WA's bamboo sharks at US festival

Michelle Wheeler, The West Australian March 20, 2012, 4:11 pm

Survival of the Stillest: Predator Avoidance in Embryonic Bamboo Sharks by Ryan Kempster.


A Perth researcher’s short film about embryonic bamboo sharks has been selected to screen at a prestigious US film festival.

Survival of the Stillest: Bamboo Sharks, filmed by University of WA shark biologist Ryan Kempster, includes footage of a shark foetus in an egg case slowing its heartbeat and lying perfectly still to avoid detection by predators.

The three-minute movie was filmed entirely in an aquarium on the UWA campus and also has vision a baby bamboo shark hatching out of an egg case.

Mr Kempster said developing shark embryos were able to detect predators with their electrosensory systems.


“When you present them with an electric field that mimics that of a predator, so a larger fish, the embryos will actually detect this and stop all of their body movements,” he said.

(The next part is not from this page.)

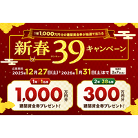 総額1.2億円超の建築資金券が当たる「新春39(サンキュー)キャンペーン」開催

“They stay completely still, stop respiring… this really is their way of minimising being noticed by a predator.”

Mr Kempster compared the shark’s stage of development in the egg case to unborn human babies.

“When they’re growing in the egg, it’s effectively the equivalent of when we’re developing inside our mother,” he said.

“If you think of it in that respect, can you imagine us as a baby actually being able to respond to external stimuli?”

Mr Kempster said bamboo sharks developed in the egg case for up to five months before hatching when the case reached about 12cm long.


He said the embryos were at risk of being eaten by almost “anything that can fit it in their mouth”.

“You generally find large gropers and sharks will predate on the embryos and it’s even possible that the mother could predate on her own young,” Mr Kempster said.

Fully grown bamboo sharks can reach 1-1.2m long.

Mr Kempster said he was very surprised to have his movie selected for the film festival alongside the work of professional documentary makers.

“I really didn’t think I had a chance to be honest,” he said.

The film will be screened at the Beneath the Waves Film Festival in Virginia on Friday and Saturday.